### AVAILABLE DATA
::::

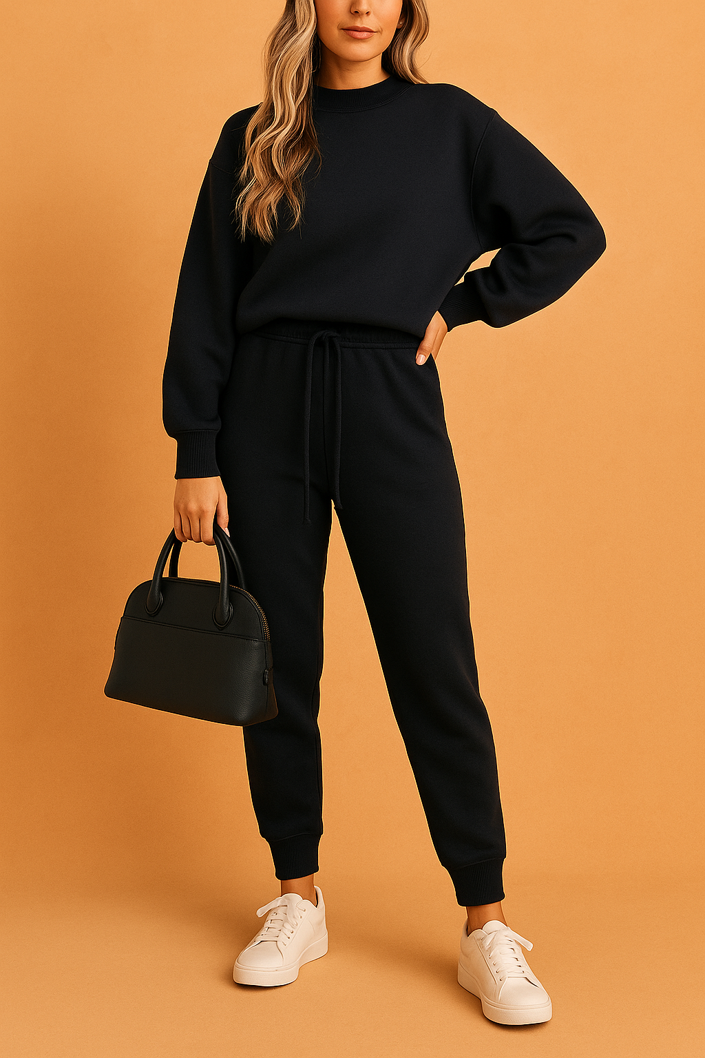 Sleek black knit sweater and jogger co-ord with drawstring waist and ribbed cuffs, styled with a structured navy handbag and classic white sneakers for a polished casual look.
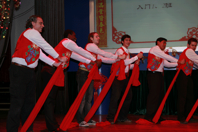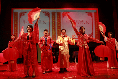 文藝匯演在入門一、二班表演的《纖夫的愛》中拉開了帷幕,學生們燦爛的笑容、歡快的舞步特別是兩位“土耳其媒婆”出色的表演,贏得在場的觀眾陣陣熱烈掌聲。在商務班《牛郎與織女》中,演員們運用不同的方式來闡釋留學生對留學生活的細致觀察,情節緊湊、語言生動。來自剛果的學生福蘭克表演了節奏感十足的街舞,伴隨著強勁的音樂翻滾、倒立、彈跳,喝彩叫好聲不絕于耳。中級一班自編自演的話劇《國王的新衣》,演員分別來自俄羅斯、韓國、日本、印尼、巴西、土耳其、菲律賓等十個國家,別出心裁,特別是兩位來自捷克和美國的“金發騙子”精湛的演技以及他們和“加拿大國王”生動的對手戲,生動別致的情節設置、詼諧的對話,給現場的觀眾留下了深刻印象,把整場演出的歡樂氣氛推向高潮,現場成了歡樂的海洋。
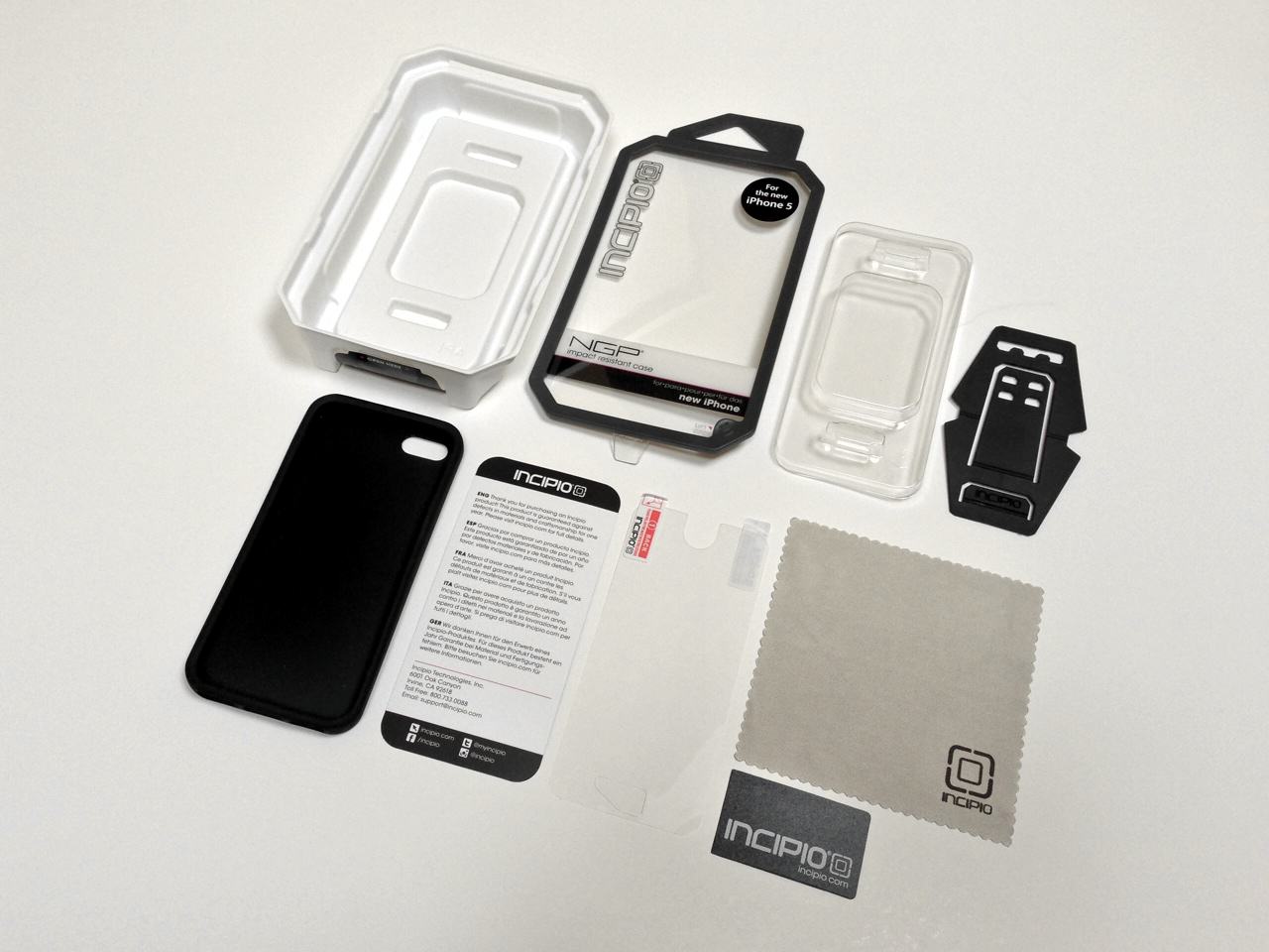 Jak widać na zdjęciach komplet zawiera: etui NGP, sprytną podstawkę przydatną do ustawienia telefonu w pozycji poziomej (np. do oglądania filmów), folię ochronną na ekran iPhone wraz z „aplikatorem” oraz szmatkę (z mikrofibry?).

::::

### WHAT THIS TASK INVOLVES
Write out the material above exactly; no pictures.

### RESPONSE TO THIS TASK
 Sleek black knit sweater and jogger co-ord with drawstring waist and ribbed cuffs, styled with a structured navy handbag and classic white sneakers for a polished casual look.
 文藝匯演在入門一、二班表演的《纖夫的愛》中拉開了帷幕,學生們燦爛的笑容、歡快的舞步特別是兩位“土耳其媒婆”出色的表演,贏得在場的觀眾陣陣熱烈掌聲。在商務班《牛郎與織女》中,演員們運用不同的方式來闡釋留學生對留學生活的細致觀察,情節緊湊、語言生動。來自剛果的學生福蘭克表演了節奏感十足的街舞,伴隨著強勁的音樂翻滾、倒立、彈跳,喝彩叫好聲不絕于耳。中級一班自編自演的話劇《國王的新衣》,演員分別來自俄羅斯、韓國、日本、印尼、巴西、土耳其、菲律賓等十個國家,別出心裁,特別是兩位來自捷克和美國的“金發騙子”精湛的演技以及他們和“加拿大國王”生動的對手戲,生動別致的情節設置、詼諧的對話,給現場的觀眾留下了深刻印象,把整場演出的歡樂氣氛推向高潮,現場成了歡樂的海洋。
 Jak widać na zdjęciach komplet zawiera: etui NGP, sprytną podstawkę przydatną do ustawienia telefonu w pozycji poziomej (np. do oglądania filmów), folię ochronną na ekran iPhone wraz z „aplikatorem” oraz szmatkę (z mikrofibry?).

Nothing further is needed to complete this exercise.